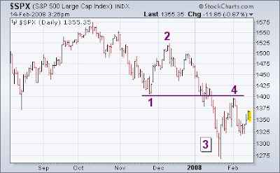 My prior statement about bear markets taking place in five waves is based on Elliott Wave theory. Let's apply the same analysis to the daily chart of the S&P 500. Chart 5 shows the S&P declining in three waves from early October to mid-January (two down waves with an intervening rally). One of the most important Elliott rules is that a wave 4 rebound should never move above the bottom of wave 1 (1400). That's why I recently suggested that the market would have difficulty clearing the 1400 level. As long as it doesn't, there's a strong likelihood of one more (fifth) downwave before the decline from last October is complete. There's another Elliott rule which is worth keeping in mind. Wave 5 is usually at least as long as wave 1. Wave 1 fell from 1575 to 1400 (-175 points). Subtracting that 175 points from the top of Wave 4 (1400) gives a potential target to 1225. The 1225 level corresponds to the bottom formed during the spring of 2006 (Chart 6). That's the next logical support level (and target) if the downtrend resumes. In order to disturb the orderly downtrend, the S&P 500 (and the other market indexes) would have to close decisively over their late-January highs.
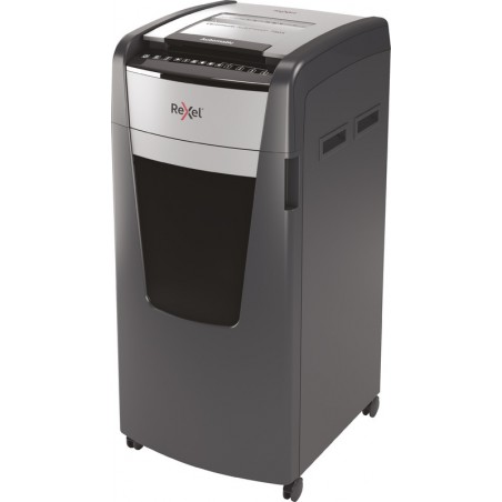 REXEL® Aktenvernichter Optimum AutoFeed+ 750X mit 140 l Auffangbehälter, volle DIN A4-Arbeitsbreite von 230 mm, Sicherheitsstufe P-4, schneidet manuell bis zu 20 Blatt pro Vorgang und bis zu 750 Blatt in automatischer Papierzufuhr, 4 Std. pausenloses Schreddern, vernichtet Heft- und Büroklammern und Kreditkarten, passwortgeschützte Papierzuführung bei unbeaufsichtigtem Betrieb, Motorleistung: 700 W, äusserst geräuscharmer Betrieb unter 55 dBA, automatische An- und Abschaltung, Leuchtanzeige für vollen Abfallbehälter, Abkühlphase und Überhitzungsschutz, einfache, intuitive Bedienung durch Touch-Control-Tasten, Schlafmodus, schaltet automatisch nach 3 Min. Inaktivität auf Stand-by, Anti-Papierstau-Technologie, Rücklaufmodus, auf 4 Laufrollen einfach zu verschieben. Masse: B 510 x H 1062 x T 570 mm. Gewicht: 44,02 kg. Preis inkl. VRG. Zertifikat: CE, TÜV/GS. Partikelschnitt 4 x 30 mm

==

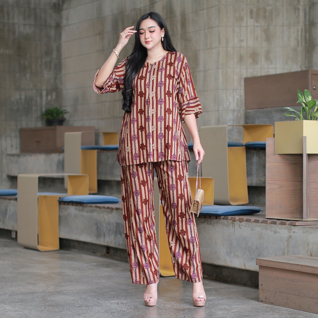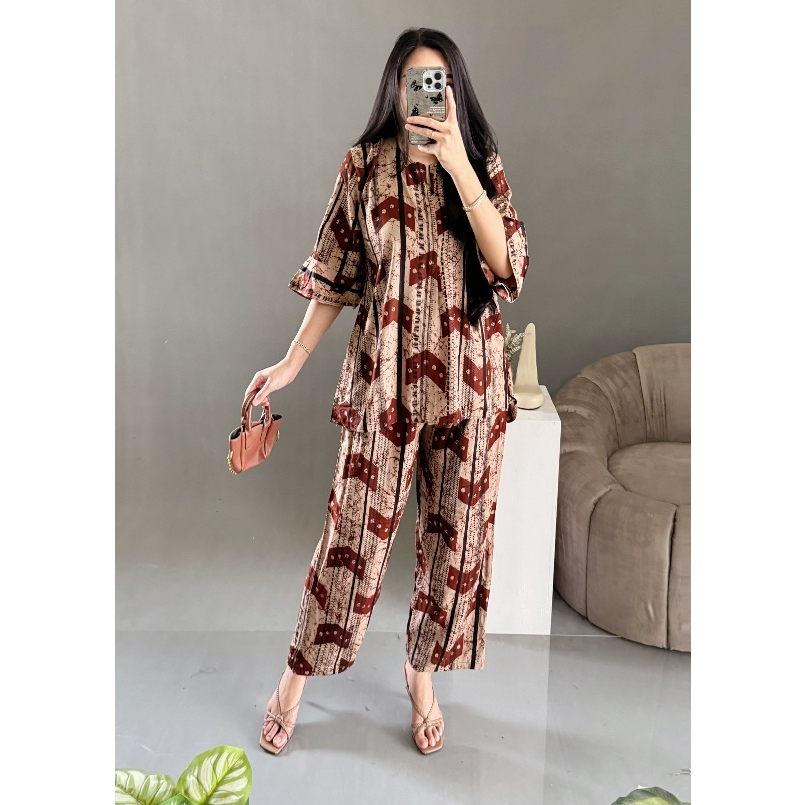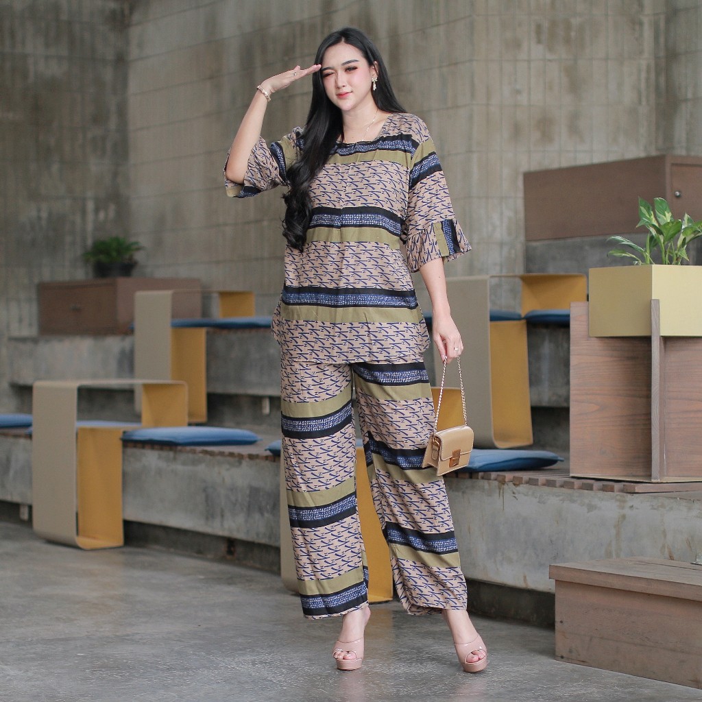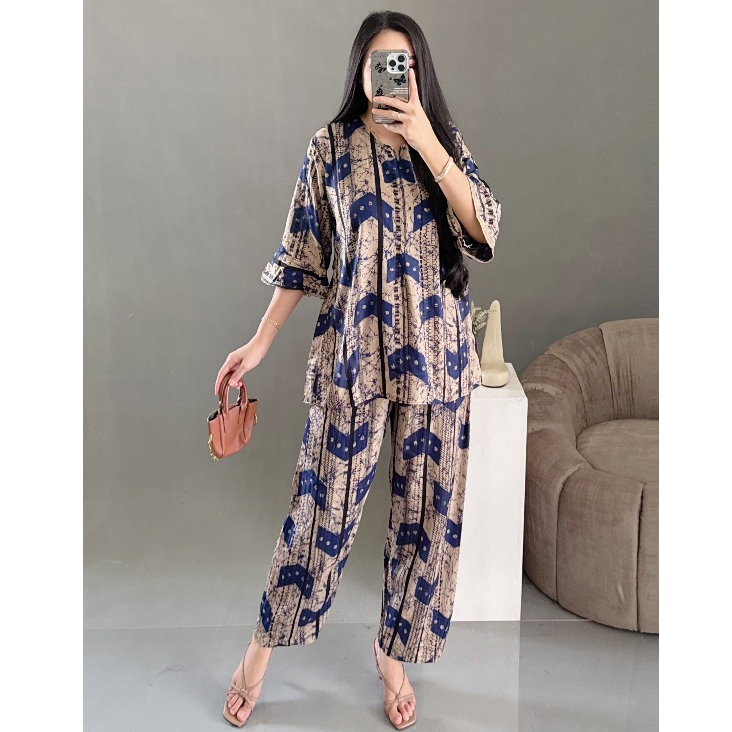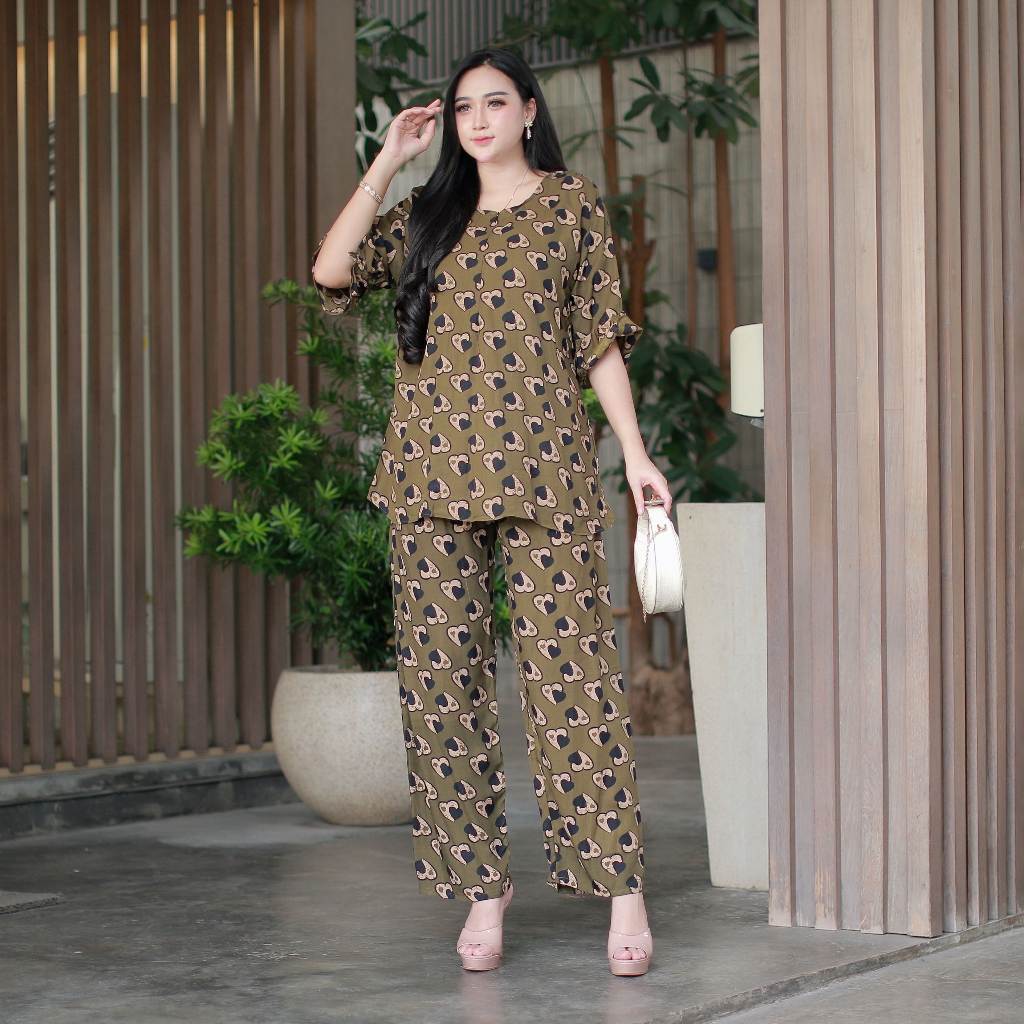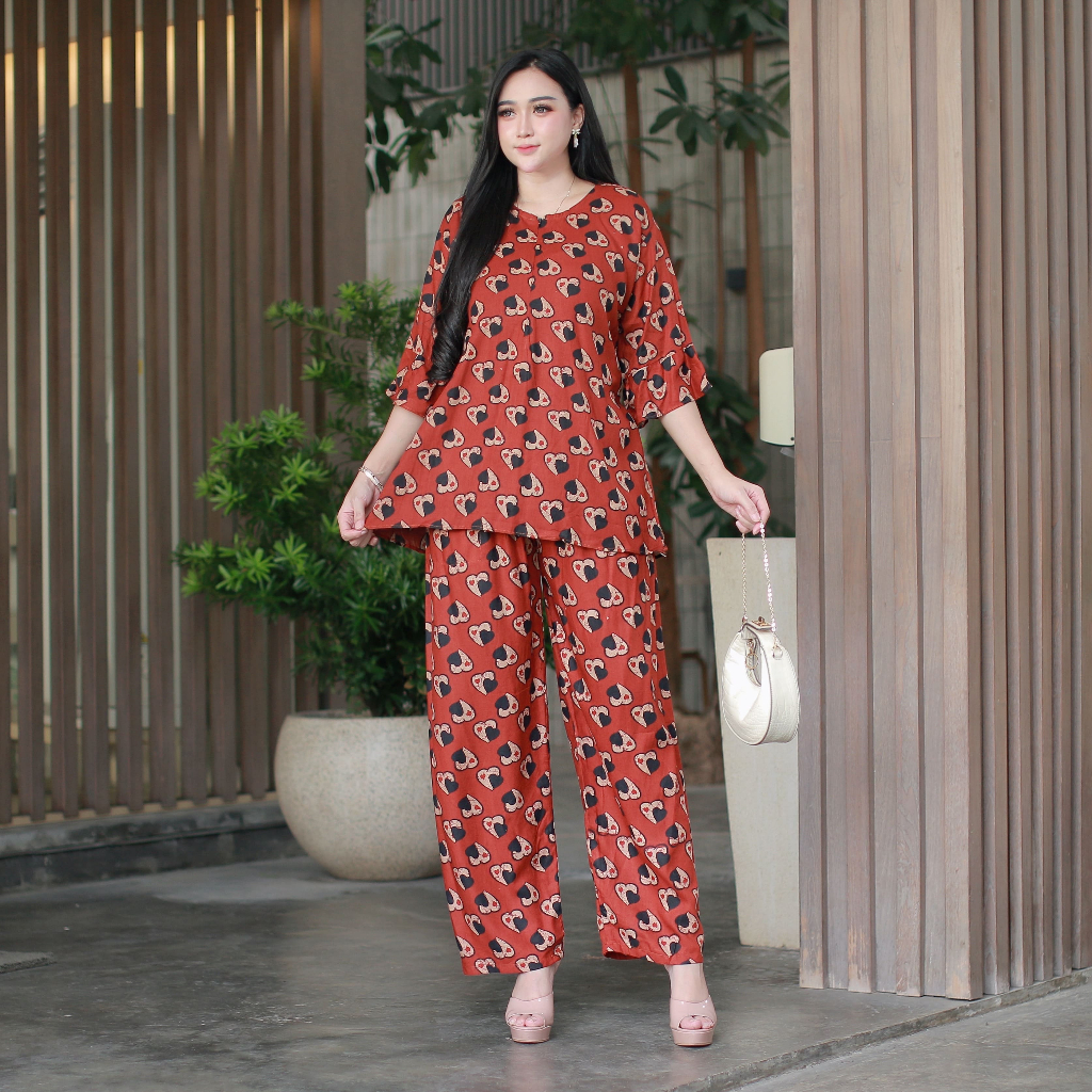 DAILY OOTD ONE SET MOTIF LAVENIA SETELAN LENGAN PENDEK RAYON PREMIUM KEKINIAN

* * *

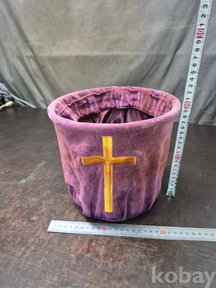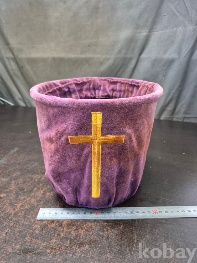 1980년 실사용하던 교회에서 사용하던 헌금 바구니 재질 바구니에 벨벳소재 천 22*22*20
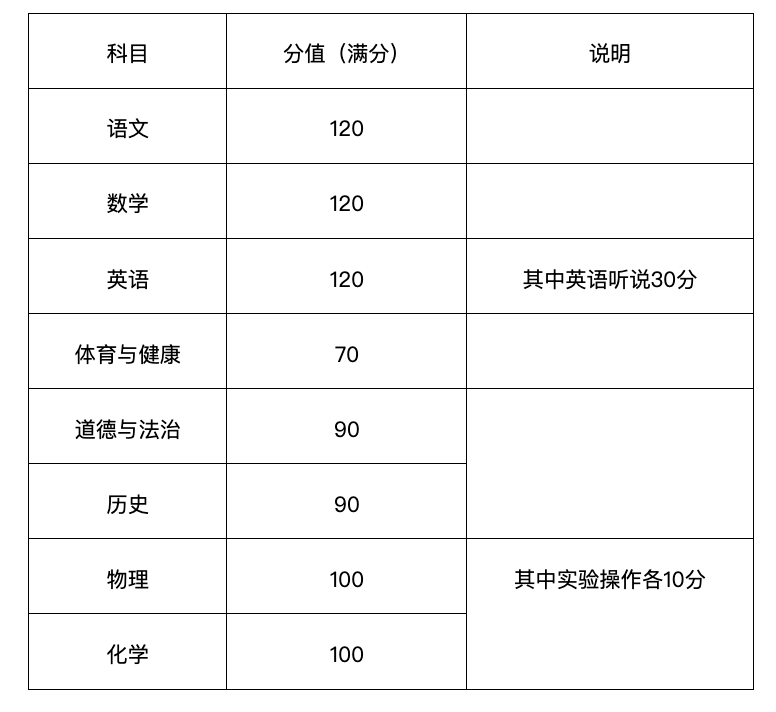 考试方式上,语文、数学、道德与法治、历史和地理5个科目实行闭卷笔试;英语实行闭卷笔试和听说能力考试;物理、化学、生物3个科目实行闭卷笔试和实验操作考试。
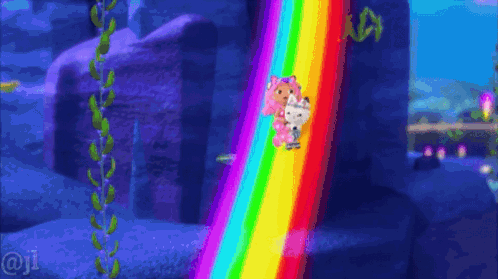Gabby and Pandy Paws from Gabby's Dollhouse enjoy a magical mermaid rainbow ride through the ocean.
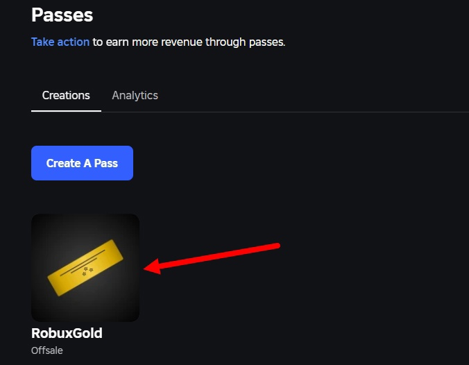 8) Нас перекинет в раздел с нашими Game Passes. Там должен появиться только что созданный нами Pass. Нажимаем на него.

Exercise goal: Repeat the lines above exactly, beginning with the one containing "My prior statement" and finishing with the one containing "REXEL® Aktenvernichter Optimum". No pictures belong in the copy.

Solved exercise:
 My prior statement about bear markets taking place in five waves is based on Elliott Wave theory. Let's apply the same analysis to the daily chart of the S&P 500. Chart 5 shows the S&P declining in three waves from early October to mid-January (two down waves with an intervening rally). One of the most important Elliott rules is that a wave 4 rebound should never move above the bottom of wave 1 (1400). That's why I recently suggested that the market would have difficulty clearing the 1400 level. As long as it doesn't, there's a strong likelihood of one more (fifth) downwave before the decline from last October is complete. There's another Elliott rule which is worth keeping in mind. Wave 5 is usually at least as long as wave 1. Wave 1 fell from 1575 to 1400 (-175 points). Subtracting that 175 points from the top of Wave 4 (1400) gives a potential target to 1225. The 1225 level corresponds to the bottom formed during the spring of 2006 (Chart 6). That's the next logical support level (and target) if the downtrend resumes. In order to disturb the orderly downtrend, the S&P 500 (and the other market indexes) would have to close decisively over their late-January highs.
 REXEL® Aktenvernichter Optimum AutoFeed+ 750X mit 140 l Auffangbehälter, volle DIN A4-Arbeitsbreite von 230 mm, Sicherheitsstufe P-4, schneidet manuell bis zu 20 Blatt pro Vorgang und bis zu 750 Blatt in automatischer Papierzufuhr, 4 Std. pausenloses Schreddern, vernichtet Heft- und Büroklammern und Kreditkarten, passwortgeschützte Papierzuführung bei unbeaufsichtigtem Betrieb, Motorleistung: 700 W, äusserst geräuscharmer Betrieb unter 55 dBA, automatische An- und Abschaltung, Leuchtanzeige für vollen Abfallbehälter, Abkühlphase und Überhitzungsschutz, einfache, intuitive Bedienung durch Touch-Control-Tasten, Schlafmodus, schaltet automatisch nach 3 Min. Inaktivität auf Stand-by, Anti-Papierstau-Technologie, Rücklaufmodus, auf 4 Laufrollen einfach zu verschieben. Masse: B 510 x H 1062 x T 570 mm. Gewicht: 44,02 kg. Preis inkl. VRG. Zertifikat: CE, TÜV/GS. Partikelschnitt 4 x 30 mm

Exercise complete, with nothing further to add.